Rose made his screen debut in Midnight Frolics in 1949 and went on to make more than 30 films. Notable film credits include The Pickwick Papers (1952), Track the Man Down (1955), A Night to Remember (1958), The Flesh and the Fiends (1959), Hawaii (1966), and A New Leaf (1971). Rose starred in the 1975 television series Beacon Hill, an Americanised version of Upstairs, Downstairs. Other television credits include Naked City, Trials of O'Brien, the mini-series Holocaust (1978), and several appearances on the Hallmark Hall of Fame.

On Broadway, among other roles, he played the First Gravedigger in John Gielgud's 1964 production of  Hamlet starring Richard Burton, a suspicious storekeeper in William Hanley's Slow Dance on the Killing Ground (1964), a bitter soldier in Peter Shaffer's Royal Hunt of the Sun (1965), and the detective in Joe Orton's Loot (1968).
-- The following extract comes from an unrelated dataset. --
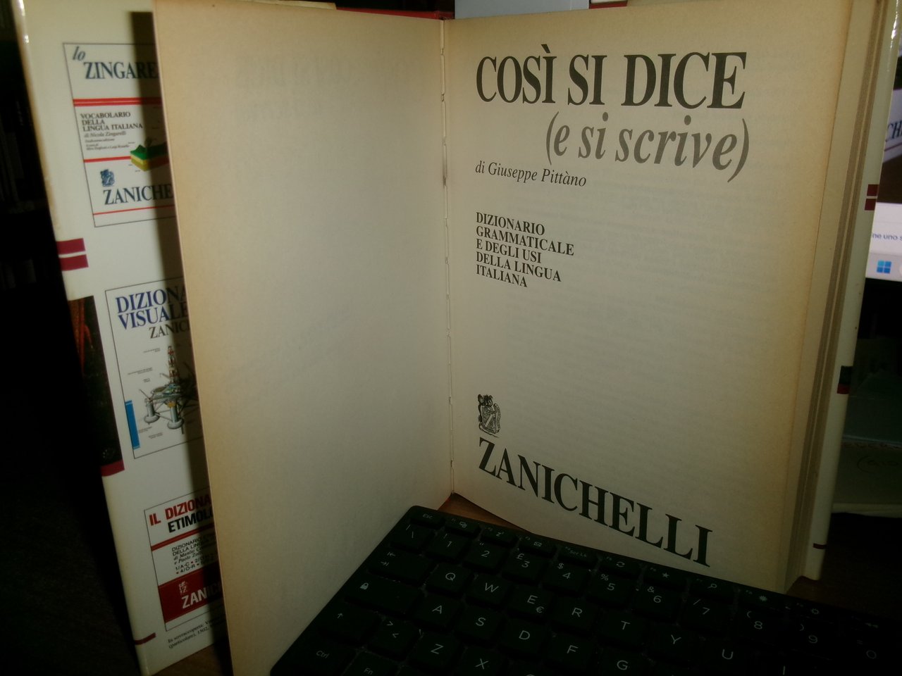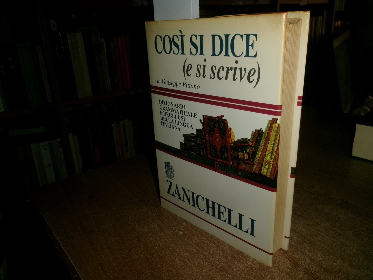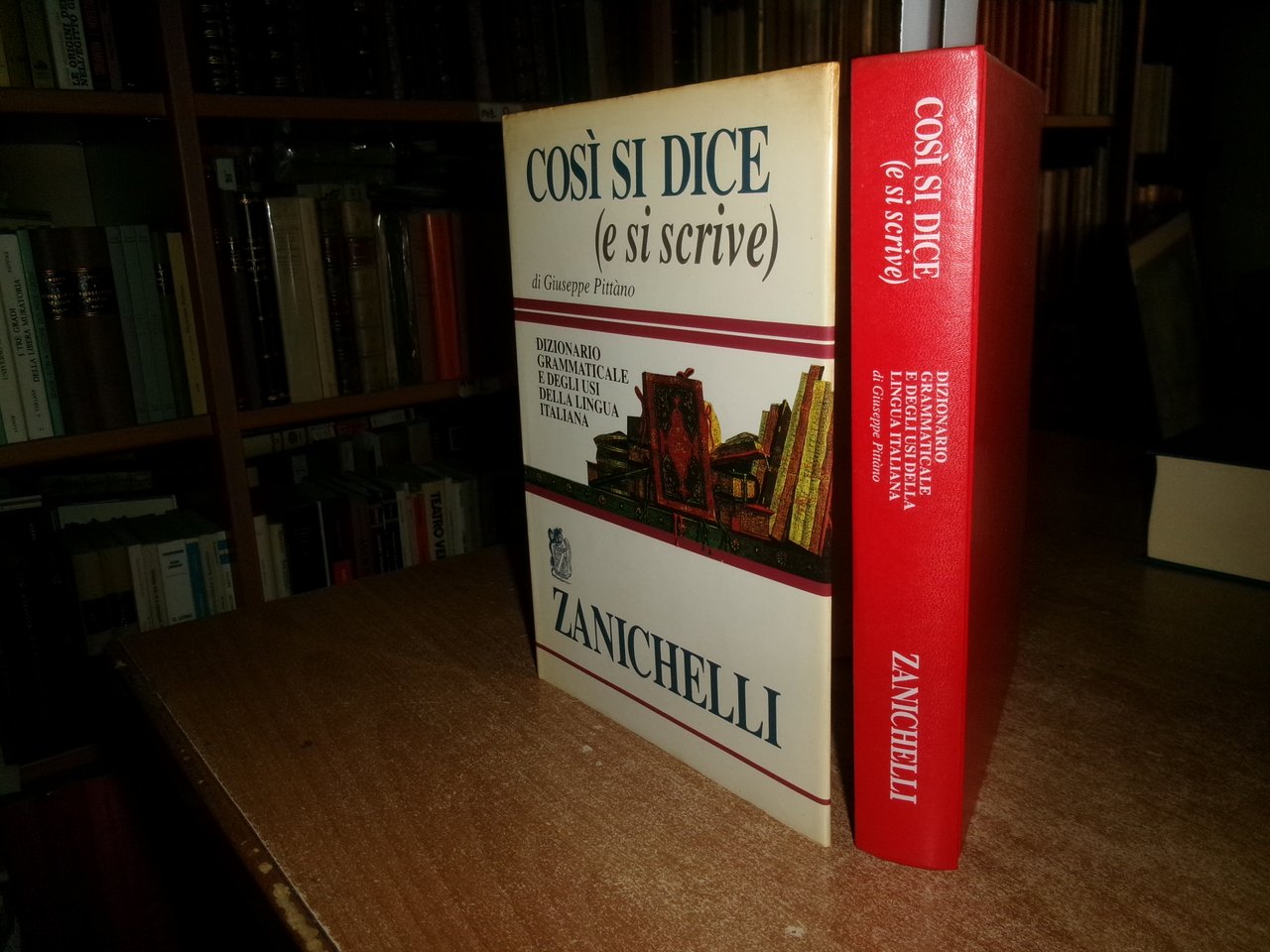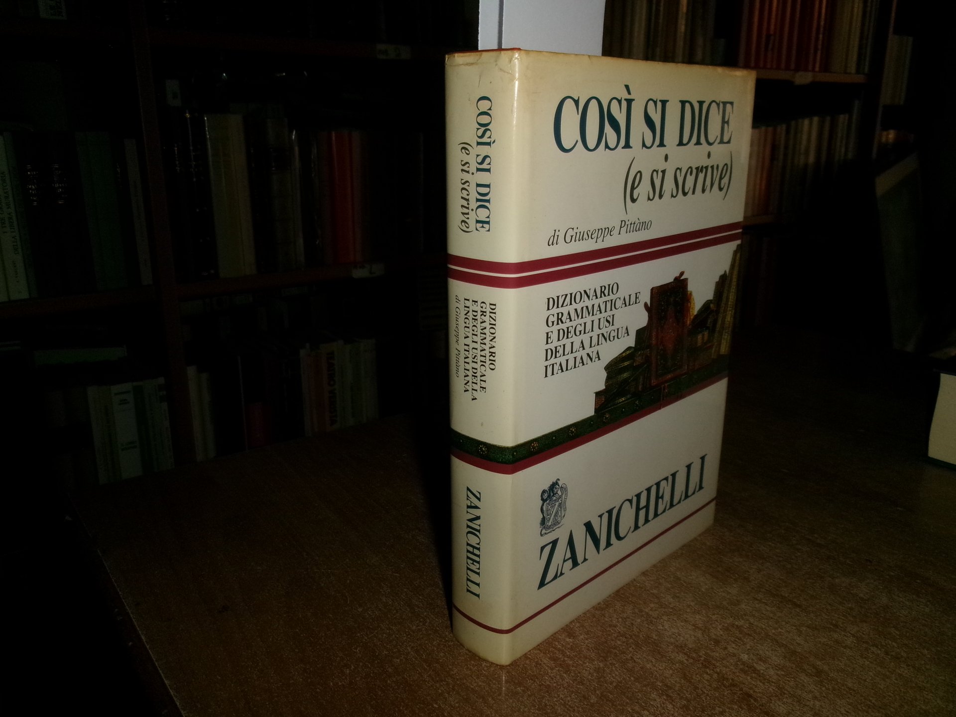 di Giuseppe Pittàno. Bologna, Zanichelli Editore, 1988. Così si dice (e si scrive). Dizionario grammaticale e degli usi della lingua italiana. In-8°, cartonato rosso con sovracopertina. 381 pp. Libro classificato in buono stato di conservazione perchè presenta sovracopertina e bordi leggermente ingialliti. Alcuni segni (come da foto) in poche pagine. Neg. Lett. mod. mob. F

His first Tony Award nomination was for his portrayal of Louis Greff, Coco Chanel's friend, in the musical Coco in 1969. In the 1974 comedy My Fat Friend, opposite Lynn Redgrave, he won a Drama Desk Award and received another Tony nomination. In 1976, he finally won a Tony as Alfred P. Doolittle in the 20th anniversary Broadway revival of My Fair Lady. He received further acclaim in the role of General Burgoyne in The Devil's Disciple, as Mr. Darling and Captain Hook in Peter Pan and as one of Rex Harrison's co-stars in The Kingfisher; he won a 1979 Drama Desk Award for the last.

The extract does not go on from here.